- Genre: Comedy
- Starring: Sylvie Moreau; Réal Bossé; Martin Drainville; Antoine Vézina; Sharlene Royer; Julie Ménard;
- Country of origin: Canada
- No. of seasons: 5 (6)
- No. of episodes: 56 (84)

Production
- Executive producer: Sylvain Parent-Bédard
- Producer: Groupe Fair-Play
- Cinematography: François L. Delagrave; André Perron;
- Editor: Martin Gravel
- Camera setup: François L. Delagrave; André Perron;
- Running time: 30 min

Original release
- Network: TVA
- Release: February 27, 2011 – present

= Lol:-) =

LOL:-) is a Canadian silent comedy television series created by Pierre Paquin and Denis Savard.
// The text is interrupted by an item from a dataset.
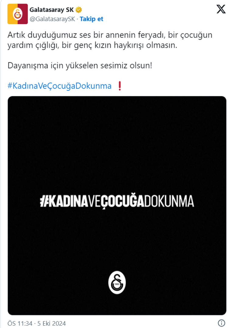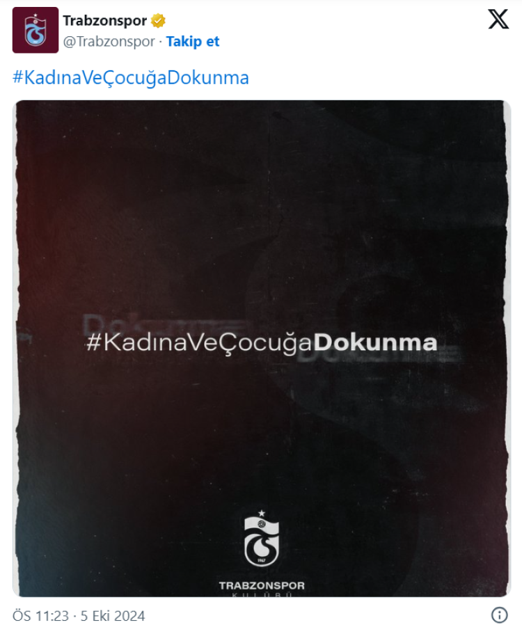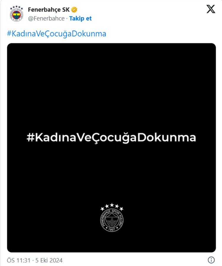Takımlardan 'kadına ve çocuğa dokunma' paylaşımı

It premiered on February 27, 2011. The series stars Réal Bossé, Martin Drainville, Antoine Vézina, Sylvie Moreau, Sharlene Royer and Julie Ménard. It airs on The Comedy Network and CTV Two in English Canada.

LOL:-) presents visual comedy clips without dialogue. Each clip averages 15 to 90 seconds in length. Because the series has little to no dialogue, it can be sold in multiple markets without a language barrier; it is a staple series of the American Spanish-language network Estrella TV.